JUNE 16, 2008

Another second Honda team?

There are stories doing the rounds in Europe that there might be a second Honda team again in F1 in 2009. This sounds rather unlikely given that Honda is still nursing the tips of its fingers, which were well heated by Super Aguri. Honda Racing F1 sources say the team knows nothing of another Honda team, and reports that American engineer Ken Anderson met with Honda's Ross Brawn and Nick Fry seem to be well wide of the mark.

However Anderson was in Montreal, although the visit seems to have been a reconnaissance mission rather than one for doing deals.

The fact that Honda F1 knows nothing of the idea is not necessarily a surprise. It is entirely possible that there have been dealings going on higher up in the company. There is a fair amount of logic in having one's engine in use by more than one team. It doubles the data available, which is useful, even with an engine freeze. And, of course, Toyota enjoys just such an arrangement with Williams. Ferrari too is gaining from having engine supply deals with Toro Rosso and Force India and Renault is doing the same with Red Bull.

There is a reason that McLaren was keen to have a secondary Mercedes-Benz team with Prodrive.

But is it possible to have a team up and running by next year, particularly one based in the United States?

The answer is probably yes. The design process for 2009 seems to be rather less complicated than has been the case in recent years given the ever-increasing restriction on what F1 designers are allowed to do. If there is a car designed within the next few months (and it is fair to assume that Honda owns the designs of the Super Aguri team, given the scale of the debt involved), all that is needed is a capacity to produce composite parts - and an ability to do windtunnel testing.

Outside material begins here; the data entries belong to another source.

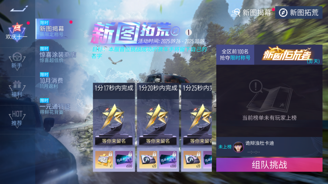 9月26日-10月9日,新图揭幕系列活动将同步开启,完成对应任务累计积分,即可解锁礼品点与万能零件奖励。在新图拓荒活动中,本服第一个完成目标的车手可以在荣誉席上留下自己的名字,活动结束后,新赛道全区前100名的车手还将获得限时专属称号“新图拓荒者”,在新赛道证明你的实力吧~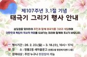 뉴스다 최광묵 기자 | 영통구 영통2동은 영통2동 새마을문고가 제107주년 3·1절을 맞아 지역 주민과 함께 독립운동의 뜻을 기리고 나라사랑의 의미를 되새기기 위한 ‘태극기 그리기’ 행사를 운영한다고 밝혔다. 이번 행사는 오는 3월 18일까지 매일 오전 10시부터 오후 5시까지 영통2동 새마을문고에서 진행되며, 전 연령대 누구나 현장 접수를 통해 참여할 수 있다. 참가자들은 직접 태극기와 무궁화를 그리며 3·1운동 정신을 생활 속에서 체험하는 시간을 갖는다. 제출 시 룰렛 돌리기를 통해 소정의 상품도 증정할 예정이다. 영통2동 새마을문고는 앞으로도 독서문화 활동과 연계한 다양한 생활문화 프로그램을 통해 주민 참여의 장을 넓히고, 지역의 역사·문화 가치를 함께 나누는 활동을 이어갈 계획이다.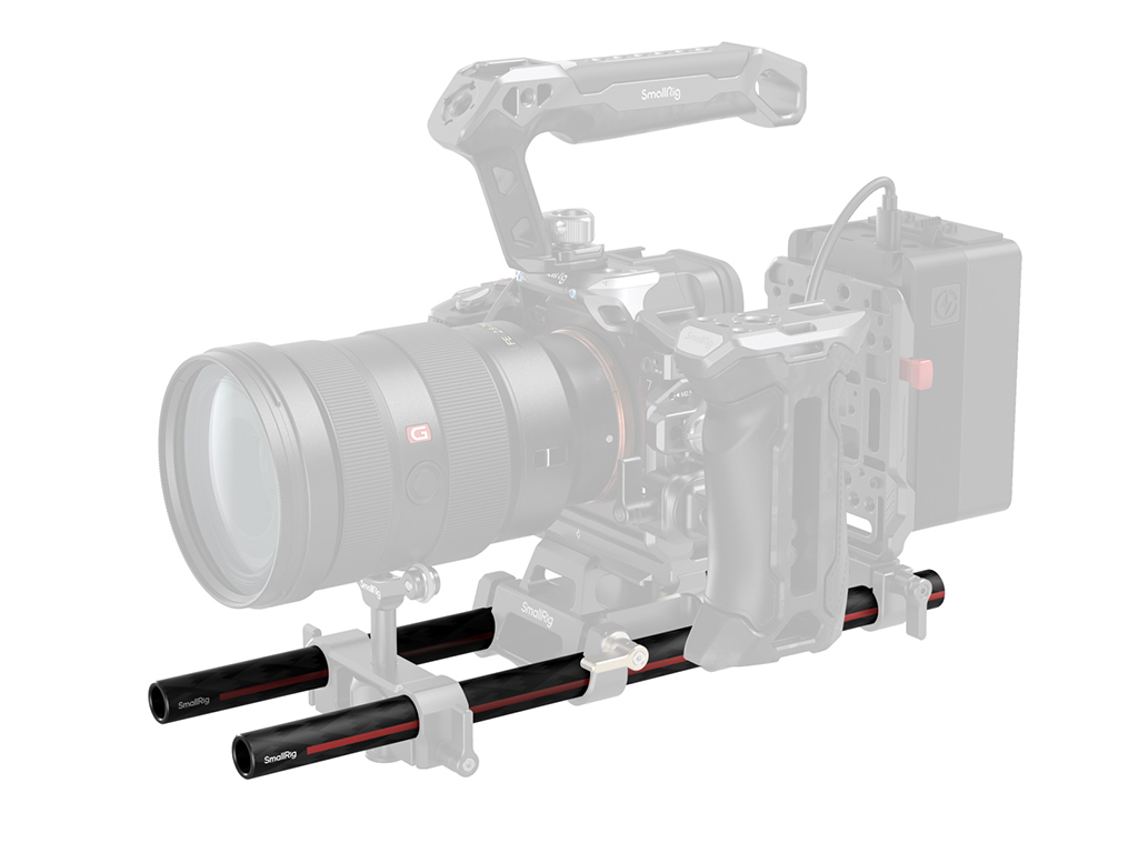 SmallRig 15 mm Karbon Fiber Çubuklar (Çift, 8") 5211 ve (Çift, 12") 5212, birlikte verilen 15 mm çubuk kelepçeleriyle aksesuarın genişletilmesini kolaylaştırmak için

In Charlotte, North Carolina, there is plenty of potential for carbon composite work and access to some pretty impressive windtunnel technology.

Anderson started his career in shock absorber design. In 1984 he was hired by no less a figure than Roger Penske to work in CART and in the years that followed Penske shock absorbers were used in F1, while Anderson race engineered Rick Mears between 1985 and 1988. He was then headhunted by Ligier to be the French team's technical director. The resulting JS33 was a decent car and allowed Rene Arnoux to finish fifth in Canada. Anderson moved on to join the Onyx F1 team but after the team fell apart he went back to the United States and became technical director of Chip Ganassi Racing. He later set up Chip Ganassi Racing Ltd. in England, a company which later transformed itself into G Force Precision Engineering. Anderson worked in CART and IRL and in 1996 designed the first G Force IRL car, which won the Indianapolis 500 in the hands of Arie Luyendyk. In 2002 Anderson was recruited to head the Falcon company, which aimed to build a chassis to challenge the domination of Dallara in the IRL. That was not a success and in 2003 Anderson moved to NASCAR as technical director of Haas CNC Racing. Although team boss Gene Haas is currently in jail for tax evasion, his team continues and a couple of years ago, invested in Windshear Inc, which aimed to produce a 180-mph rolling-road windtunnel, the most advanced of its kind in the world. The windtunnel has technology that even F1 teams are interested in and Windshear recently announced that it had reached an agreement with an unnamed F1 team to use the tunnel. The programme is expected to begin this month. Several other F1 teams have expressed an interest in using the facility.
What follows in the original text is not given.